Room: Exhibit Hall | Forum 2
Purpose: The application of deep learning algorithms (DL) to small datasets (hundreds of points) has been common in the medical physics. To justify the small number of data points, transfer learning is often referenced. In this work, we perform an in-depth study of the performance of DL as a function of dataset size.
Methods: 112,120 frontal-view x-ray images from the NIH ChestXray14 dataset were used in our analysis. We first studied two real tasks: unbalanced multi-label classification of 14 diseases, and binary classification of pneumonia vs non-pneumonia. The dataset was randomly split into training, validation and testing (69%, 8%, 23%). Using PyTorch, a popular convolution neural network (CNN), DensNet121, was trained (with and without transfer learning) using different numbers of data points for both tasks (N=50 to N=77,880). Additionally, to study the behavior of CNNs under known and controlled conditions, we generated simple functions that mapped the images to different outcomes and attempted to recover them. Linear functions from radiomics features (79 in total) and small known CNNs were chosen as the generators. The area-under-the-curve (AUC) and balanced accuracy on the test set were reported, with confident intervals calculated using boostrap.

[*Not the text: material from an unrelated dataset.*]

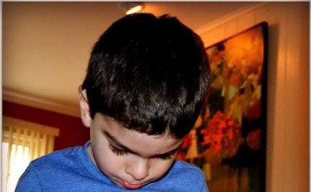 I’m not sure how it happened. Probably the side effect of being a third child, dragged to older siblings’ after school activities with nothing to do. Or, maybe it was eating at restaurants that beg for good behavior when the stars aligned for anything but. Or, the fact that his sister has an iTouch and his brother loves the computer and he was left with zero electronics of his very own. Or, that I just can’t resist those eyes.
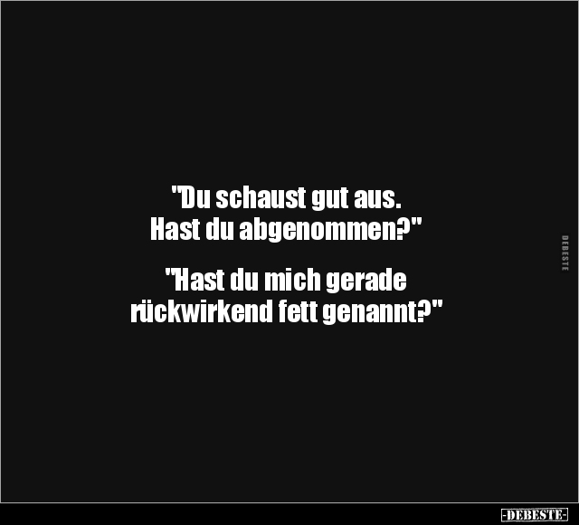 "Du schaust gut aus. Hast du abgenommen?" "Hast du mich gerade rückwirkend fett genannt?"

Results: In the multi-label problem, DensNet121 needed at least 1600 patients to be comparable to, and 10,000 to outperform, radiomics-based logistic regression. In classifying pneumonia vs. non-pneumonia, both CNN and radiomics-based methods performed poorly when N < 2000. This was true regardless of whether transfer learning was used. The same behavior was observed for the simpler problems when the generator functions were known.
Conclusion: Our experiments in simple controlled and real tasks suggest that DL performs poorly in small datasets, even when transfer learning is used. Therefore, it is unlikely that results reported in datasets of similar size will generalize well, and such attempts should be met with skepticism.